Specific types implement these traits as appropriate (TcpStream
, File
,
Stdout
). AsyncRead
and AsyncWrite
are also implemented by a number
of data structures, such as Vec<u8>
and &[u8]
. This allows using byte arrays
where a reader or writer is expected.
This page will cover basic I/O reading and writing with Tokio and work through a few examples. The next page will get into a more advanced I/O example.
AsyncRead
and AsyncWrite
These two traits provide the facilities to asynchronously read from and write to
byte streams. The methods on these traits are typically not called directly,
similar to how you don't manually call the poll
method from the Future
trait. Instead, you will use them through the utility methods provided by
AsyncReadExt
and AsyncWriteExt
.
Let's briefly look at a few of these methods. All of these functions are async
and must be used with .await
.
async fn read()
AsyncReadExt::read
provides an async method for reading data into a
buffer, returning the number of bytes read.
Note: when read()
returns Ok(0)
, this signifies that the stream is
closed. Any further calls to read()
will complete immediately with Ok(0)
.
With TcpStream
instances, this signifies that the read half of the socket is
closed.
use tokio::fs::File;
use tokio::io::{self, AsyncReadExt};
#[tokio::main]
async fn main() -> io::Result<()> {
let mut f = File::open("foo.txt").await?;
let mut buffer = [0; 10];
// read up to 10 bytes
let n = f.read(&mut buffer[..]).await?;
println!("The bytes: {:?}", &buffer[..n]);
Ok(())
}
async fn read_to_end()
AsyncReadExt::read_to_end
reads all bytes from the stream until
EOF.
use tokio::io::{self, AsyncReadExt};
use tokio::fs::File;
#[tokio::main]
async fn main() -> io::Result<()> {
let mut f = File::open("foo.txt").await?;
let mut buffer = Vec::new();
// read the whole file
f.read_to_end(&mut buffer).await?;
Ok(())
}
async fn write()
AsyncWriteExt::write
writes a buffer into the writer, returning how
many bytes were written.
use tokio::io::{self, AsyncWriteExt};
use tokio::fs::File;
#[tokio::main]
async fn main() -> io::Result<()> {
let mut file = File::create("foo.txt").await?;
// Writes some prefix of the byte string, but not necessarily all of it.

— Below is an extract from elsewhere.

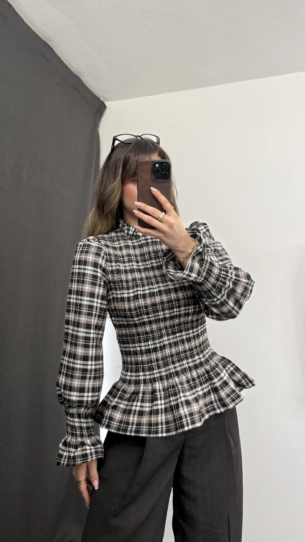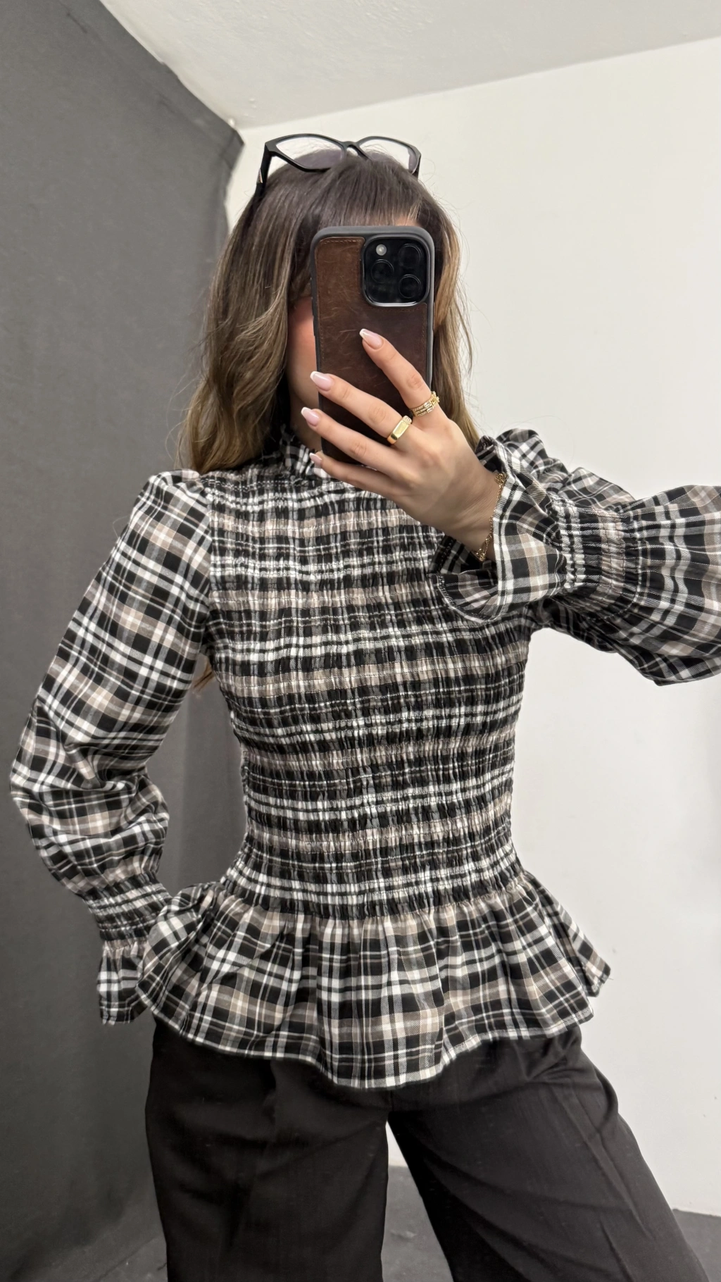 Jania Büzgülü Ekoseli Bluz - Kahve

let n = file.write(b"some bytes").await?;
println!("Wrote the first {} bytes of 'some bytes'.", n);
Ok(())
}
async fn write_all()
AsyncWriteExt::write_all
writes the entire buffer into the
writer.
use tokio::io::{self, AsyncWriteExt};
use tokio::fs::File;
#[tokio::main]
async fn main() -> io::Result<()> {
let mut file = File::create("foo.txt").await?;
file.write_all(b"some bytes").await?;
Ok(())
}
Both traits include a number of other helpful methods. See the API docs for a comprehensive list.
Helper functions
Additionally, just like std
, the tokio::io
module contains a number of
helpful utility functions as well as APIs for working with standard input,
standard output and standard error. For example,
tokio::io::copy
asynchronously copies the entire contents of a reader
into a writer.
use tokio::fs::File;
use tokio::io;
#[tokio::main]
async fn main() -> io::Result<()> {
let mut reader: &[u8] = b"hello";
let mut file = File::create("foo.txt").await?;
io::copy(&mut reader, &mut file).await?;
Ok(())
}
Note that this uses the fact that byte arrays also implement AsyncRead
.
Echo server
Let's practice doing some asynchronous I/O. We will be writing an echo server.
The echo server binds a TcpListener
and accepts inbound connections in a loop.

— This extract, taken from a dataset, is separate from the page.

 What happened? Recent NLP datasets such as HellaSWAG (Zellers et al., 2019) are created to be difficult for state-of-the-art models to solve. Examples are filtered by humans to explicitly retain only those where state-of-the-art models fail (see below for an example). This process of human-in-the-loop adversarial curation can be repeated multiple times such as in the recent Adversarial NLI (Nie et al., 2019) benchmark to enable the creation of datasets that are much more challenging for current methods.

For each inbound connection, data is read from the socket and written
immediately back to the socket. The client sends data to the server and receives
the exact same data back.
We will implement the echo server twice, using slightly different strategies.
Using io::copy()
To start, we will implement the echo logic using the io::copy
utility.
You can write up this code in a new binary file:
$ touch src/bin/echo-server-copy.rs
That you can launch (or just check the compilation) with:
$ cargo run --bin echo-server-copy
You will be able to try the server using a standard command-line tool such as telnet
, or by writing
a simple client like the one found in the documentation for tokio::net::TcpStream
.
This is a TCP server and needs an accept loop. A new task is spawned to process each accepted socket.
use tokio::io;
use tokio::net::TcpListener;
#[tokio::main]
async fn main() -> io::Result<()> {
let listener = TcpListener::bind("127.0.0.1:6142").await?;
loop {
let (mut socket, _) = listener.accept().await?;
tokio::spawn(async move {
// Copy data here
});
}
}
As seen earlier, this utility function takes a reader and a writer and copies
data from one to the other. However, we only have a single TcpStream
. This
single value implements both AsyncRead
and AsyncWrite
. Because
io::copy
requires &mut
for both the reader and the writer, the socket cannot
be used for both arguments.
// This fails to compile
io::copy(&mut socket, &mut socket).await
Splitting a reader + writer
To work around this problem, we must split the socket into a reader handle and a writer handle. The best way to split a reader/writer combo depends on the specific type.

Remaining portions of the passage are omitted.